Your task » After finding the line that holds "当社では、EV充電エネチェン" below, set down that line and the rest through the final one exactly, leaving the pictures out.

Dataset entries »
◇ ◇ ◇
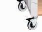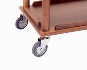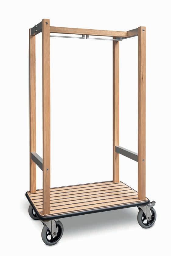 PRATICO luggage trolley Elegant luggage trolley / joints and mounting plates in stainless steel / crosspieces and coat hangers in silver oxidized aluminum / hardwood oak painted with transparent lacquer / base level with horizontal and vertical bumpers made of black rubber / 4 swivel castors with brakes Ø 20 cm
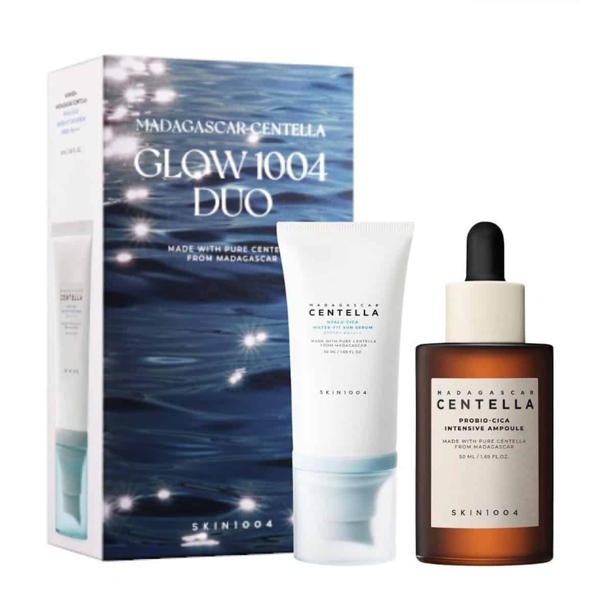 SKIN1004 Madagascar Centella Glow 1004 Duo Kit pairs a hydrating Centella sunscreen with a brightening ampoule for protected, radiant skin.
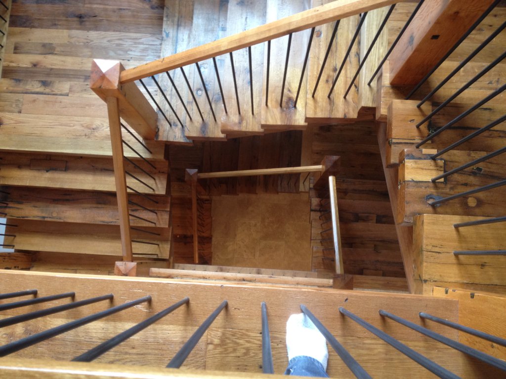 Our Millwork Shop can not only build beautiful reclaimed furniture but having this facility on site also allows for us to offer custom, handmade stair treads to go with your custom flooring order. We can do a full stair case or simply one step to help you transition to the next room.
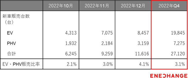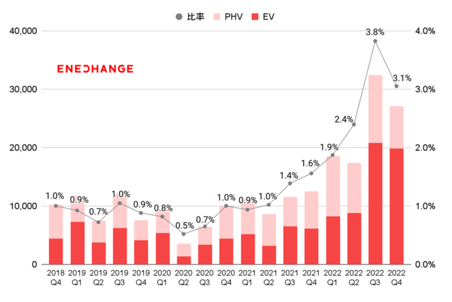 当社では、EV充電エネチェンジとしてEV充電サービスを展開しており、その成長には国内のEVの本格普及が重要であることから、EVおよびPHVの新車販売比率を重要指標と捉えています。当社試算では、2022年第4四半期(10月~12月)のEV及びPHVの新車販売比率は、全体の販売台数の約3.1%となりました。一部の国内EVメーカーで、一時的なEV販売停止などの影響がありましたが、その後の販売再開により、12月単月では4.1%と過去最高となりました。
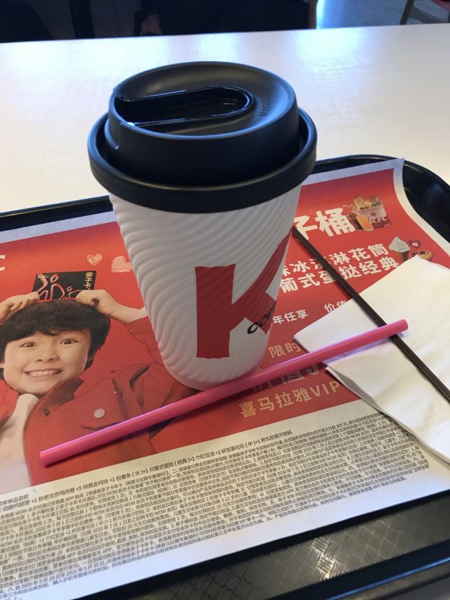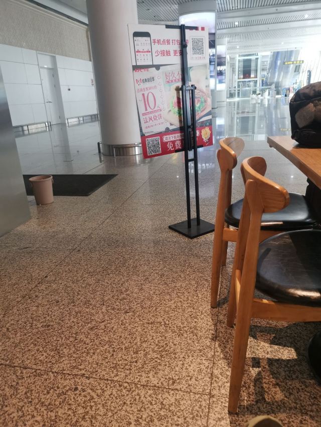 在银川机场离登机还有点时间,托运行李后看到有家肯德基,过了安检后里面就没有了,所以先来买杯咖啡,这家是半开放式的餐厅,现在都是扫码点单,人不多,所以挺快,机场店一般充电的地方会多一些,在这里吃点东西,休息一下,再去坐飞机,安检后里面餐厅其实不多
◇ ◇ ◇
Expected answer »
 当社では、EV充電エネチェンジとしてEV充電サービスを展開しており、その成長には国内のEVの本格普及が重要であることから、EVおよびPHVの新車販売比率を重要指標と捉えています。当社試算では、2022年第4四半期(10月~12月)のEV及びPHVの新車販売比率は、全体の販売台数の約3.1%となりました。一部の国内EVメーカーで、一時的なEV販売停止などの影響がありましたが、その後の販売再開により、12月単月では4.1%と過去最高となりました。
 在银川机场离登机还有点时间,托运行李后看到有家肯德基,过了安检后里面就没有了,所以先来买杯咖啡,这家是半开放式的餐厅,现在都是扫码点单,人不多,所以挺快,机场店一般充电的地方会多一些,在这里吃点东西,休息一下,再去坐飞机,安检后里面餐厅其实不多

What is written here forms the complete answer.